Phylogenetic tree As shown in FIG. 3, paenibacillus piri SAAS-3-B4 (3-B4 for short) is in the same branch as Paenibacillus piri (Paenibacillus peoriae), so 3-B4 is considered Paenibacillus piri (Paenibacillus peoriae).

Example 2

The embodiment is the indoor disease prevention effect verification of paenibacillus piri SAAS-3-B4

1. Cultivation of maize seedlings

Taking Shen Kenuo corn seeds, washing with sterile water for about 5min, washing for 2 times, soaking with 75% alcohol solution for 3min, and washing with sterile water for 3 times; then, the mixture was immersed in a 3% sodium hypochlorite solution for 3min, and finally, the mixture was rinsed with sterile water for 4 times.

60 Corn seeds are selected and soaked in warm water with the water temperature of 35 ℃ for 4 hours, two layers of sterilized filter paper are paved on 4 large flat plates, water is added for soaking, the corn seeds are divided into 4 parts, and every 15 corn seeds are evenly paved in the flat plates. Placing the plant into a plant tissue culture chamber for culture.

2. Determination of biological control effect of antagonistic strain on corn ear rot

In order to further verify the resistance function of Paenibacillus piri SAAS-3-B4 to corn ear rot, corn leaf in vitro verification experiments are carried out, the experiments are divided into 4 groups, and the leaves are inoculated with pathogenic bacteria Fusarium verticillium (B17-1) by a needle-punching inoculation method. The treatment method of the experimental group is shown in table 4:

TABLE 4 in vitro blade test treatments

The experimental treatments were divided into 4 groups according to the above table, and leaf spot sizes were measured after 5d of indoor culture to observe the disease conditions of maize leaves. Wherein the experimental group 3 (the pinhole inoculation pathogenic bacteria B17-1, spraying 3-B4 suspension after 12 hours) is a treatment group; experimental group 4 (spraying 3-B4 suspension, pinhole inoculation of pathogenic bacteria B17-1 after 12 h) was a prophylactic group. The plaque area size of each experimental group was measured and statistically analyzed using ImageJ software, and the experimental results are shown in fig. 4.

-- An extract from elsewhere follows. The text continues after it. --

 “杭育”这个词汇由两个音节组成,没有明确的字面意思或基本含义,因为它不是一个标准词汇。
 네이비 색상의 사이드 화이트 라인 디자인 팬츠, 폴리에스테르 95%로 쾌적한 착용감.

As shown in fig. 5, the control treatment of the single inoculated pathogen in the experimental group 2 had an average plaque area of 0.8cm ², the treatment group had an average plaque area of 0.29cm ², and the prevention group had an average plaque area of 0.40cm ², both of which had an average plaque area smaller than that in the experimental group 2.

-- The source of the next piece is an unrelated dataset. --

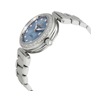 Stainless steel case with a stainless steel bracelet. Fixed stainless steel bezel set with diamond snow. Blue dial with silver-tone hands and diamond hour markers. Dial Type: Analog. Luminescent hands. Date display at the 3 o'clock position. Omega calibre 8520 automatic movement, based upon Omega 8500, containing 28 Jewels, bitting at 25200 vph, and has a power reserve of approximately 50 hours. Scratch resistant sapphire crystal. Screw down crown. Transparent case back. Round case shape, case size: 34 mm. Case thickness: 12.3 mm. Butterfly clasp. Water resistant at 100 meters / 330 feet. Functions: date, hour, minute, second, co-axial escapement, chronometer. Additional Info: 11 diamond hour markers. De Ville Ladymatic Series. Luxury watch style. Watch label: Swiss Made. Omega De Ville Ladymatic Automatic Ladies Watch 425.35.34.20.57.002.

As shown in the experimental results of the potted plant in FIG. 6, the group A is a control group without SAAS-3-B4 sprayed thereon, the disease spots are in an extended and enlarged shape, the leaves are curled and rotten, the group B is an experimental group, the disease spots have obvious limits, and the area of the disease spots is far smaller than that of the control group, which indicates that the paenibacillus piri SAAS-3-B4 has obvious inhibition effect in the treatment and prevention of the spike rot.

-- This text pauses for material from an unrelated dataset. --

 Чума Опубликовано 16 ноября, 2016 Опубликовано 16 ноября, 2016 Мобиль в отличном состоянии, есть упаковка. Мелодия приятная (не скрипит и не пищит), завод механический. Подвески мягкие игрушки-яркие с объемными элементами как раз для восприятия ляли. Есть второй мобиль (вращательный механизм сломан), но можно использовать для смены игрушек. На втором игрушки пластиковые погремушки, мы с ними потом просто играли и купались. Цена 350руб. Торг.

The above description is only of the preferred embodiments of the present invention and is not intended to limit the present invention, but various modifications and variations can be made to the present invention by those skilled in the art. Any modification, equivalent replacement, improvement, etc. made within the spirit and principle of the present invention should be included in the protection scope of the present invention.

Claims

1. The paenibacillus piri is characterized in that the paenibacillus piri (Paenibacillus peoriae) is paenibacillus piri SAAS-3-B4, and is preserved in China Center for Type Culture Collection (CCTCC) with the preservation number of M20221703.

2. Use of paenibacillus piri according to claim 1 for the treatment and prevention of ear rot of corn caused by fusarium verticillium.

3. A microbial agent for preventing and treating corn ear rot, which is characterized by comprising the paenibacillus pierce according to claim 1;

the live bacteria content of Paenibacillus piri in the microbial inoculum is 10 ¹⁰～10¹¹ CFU/Kg.

4. A method for controlling corn ear rot caused by fusarium verticillium, characterized in that the bacterial liquid of paenibacillus piri according to claim 1 or the bacterial agent according to claim 3 is applied to diseased parts of plants.